Ah, but subsection (1)(b) says it could be a “catastrophe” to cause “widespread” damage by means of some “other harmful or destructive force or substance that is not a weapon of mass destruction” (emphasis added). Well, an egg is not a weapon of mass destruction. I hope we can all agree on that. “Harmful or destructive substance”? The probable-cause affidavit alleges broken windows, ruined furniture, “damage to stucco,” and even $3,000 worth of “damage to a car’s ignition.” That last one is a little mystifying, but the statute doesn’t say anything about how much harm is necessary for a violation. Ergo, egg catastrophe!

Or at least I assume that was the reasoning, if you can call it that. In context, this last phrase has to be read similarly to the specifically listed catastrophe-causers, namely “explosion, fire, flood, avalanche, [or] collapse of a building….” Those are the kinds of things the legislature was thinking of when it used the word “catastrophe,” not “damage to stucco.” Reading it otherwise is either just dopey or deliberate overreaching, or possibly dopey overreaching.

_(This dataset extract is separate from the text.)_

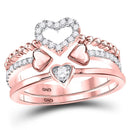 Description 14kt Rose Gold Womens Round Diamond 2-Piece Beaded Heart Band Ring Set 1/3 Cttw Gemstone Details 1/3 Carats total weight Specifications 14kt Rose Gold Combined diamond weight of 1/3 carats total weight represents a range of 0.30 - 0.36 cts. t.w.

Okay, what about the argument that the legislature must have envisioned tiny catastrophes because in some circumstances this can be a misdemeanor? First, I don’t care, because you don’t get to that point without a “catastrophe” in the first place. Second, the intent of (2) is to address different motives, not kinds of catastrophe. If you create one knowingly, that’s a felony. If recklessly, that’s a misdemeanor. (If negligently, that’s just negligence.) Did Mom act recklessly in this case? Well, she told police she participated in this stupid act “due to family issues and because she ‘didn’t care.'” Knowing and not caring is a pretty good definition of recklessness. But it doesn’t matter, because egging is not a “catastrophe.”

It is entirely possible that she was also charged with “criminal mischief,” which is the crime of (among other things) intentionally damaging or defacing someone’s property. Or at least aiding and abetting it. They could even have charged it as a second-degree felony, depending on the damage caused. That would also be overkill, but at least it would not ignore the actual meaning of words. Especially when throwing around terms like “catastrophe” or “terrorism,” that matters.